• QOMPLX Knowledge
  • Jan 4, 2021

QOMPLX Knowledge: Detecting Lateral Movement Using Windows Event Logs

QOMPLX Knowledge: Detecting Lateral Movement Using Windows Event Logs

This is the latest in a series of posts we call “QOMPLX Knowledge.” These posts provide essential information and insights about the attack trends that are driving the malicious campaigns and best practices for both detection and incident response.

If there is one thing the past few years have taught us well, it is that the security game has shifted. The work of security teams - long focused on keeping “bad guys out” - has morphed into one that encompasses both that and identifying the bad guys who have already gotten in. And, as the recent nation-state attacks on government agencies and private sector firms indicate, the means and methods by which bad guys might get in become more sophisticated by the day.

That’s why spotting attackers’ malicious and suspicious behavior within a compromised environment is a key capability for any modern information security group. Increasingly, that involves detecting so-called “lateral movement”: efforts by attackers to move from an initial point of compromise to access and then control other, valuable IT assets within an environment.

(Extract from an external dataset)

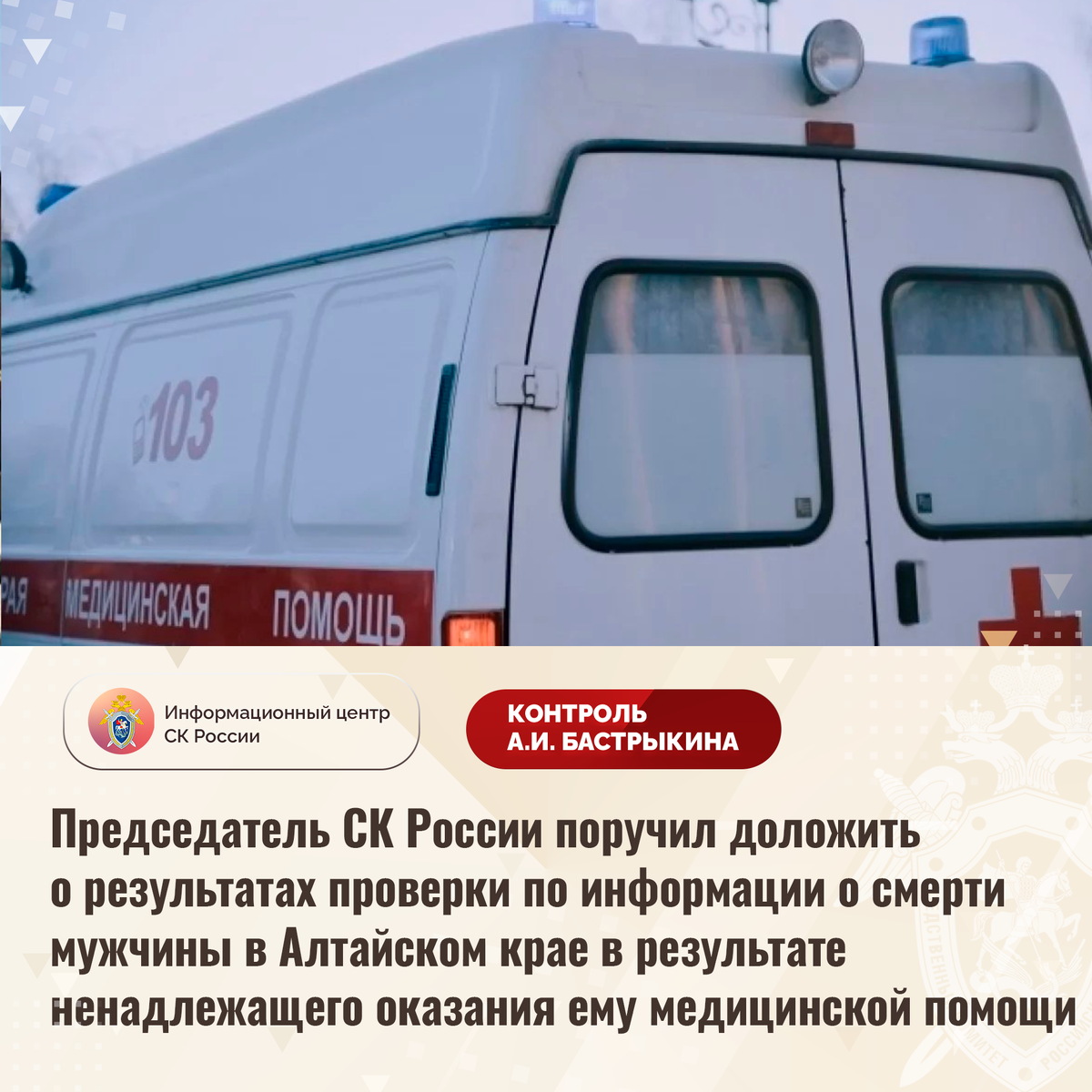 Председатель СК России поручил доложить о результатах проверки по информации о смерти мужчины в Алтайском крае

The desire of attackers to lay low and expand their reach and control is one reason that credential theft and privilege escalation attacks on critical control infrastructure like Active Directory and Kerberos have become so commonplace - even popping up as a feature in ransomware and other malicious applications.

No Silver Bullet for Detecting Lateral Movement

In prior posts, we have discussed how our Q:CYBER product is used to help organizations detect common tactics for privilege escalation and lateral movement, such as Pass The Hash and Overpass the Hash attacks. Detecting the great variety of lateral movement techniques used by sophisticated adversaries is equal parts art and science, in which attackers continually modify their tactics to avoid detection and prompt defenders to devise new methods of detection to avoid losing situational awareness. The parade of successful attacks in just the last year suggests that the advantage goes to the attackers, unless meaningful detection capabilities are implemented at key chokepoints like authentication.

Much has been published on the topic of lateral movement detection - and much of it is in the public domain. This content provides a wealth of information for security organizations that can be applied during threat hunting. In this and subsequent posts, we’re going to call attention to some of the more useful resources on lateral movement detection, making note of some of the through-lines and common themes, as well as areas where organizations will need to go beyond the standard guidance to tailor threat hunting to their unique circumstances.

Q:Cyber provides more advanced detections than those considered by JP-CERT, such as our external validation off the Kerberos protocol to stop Kerberos ticket forgeries, but this deep dive into JP CERT’s work is complementary and illustrative.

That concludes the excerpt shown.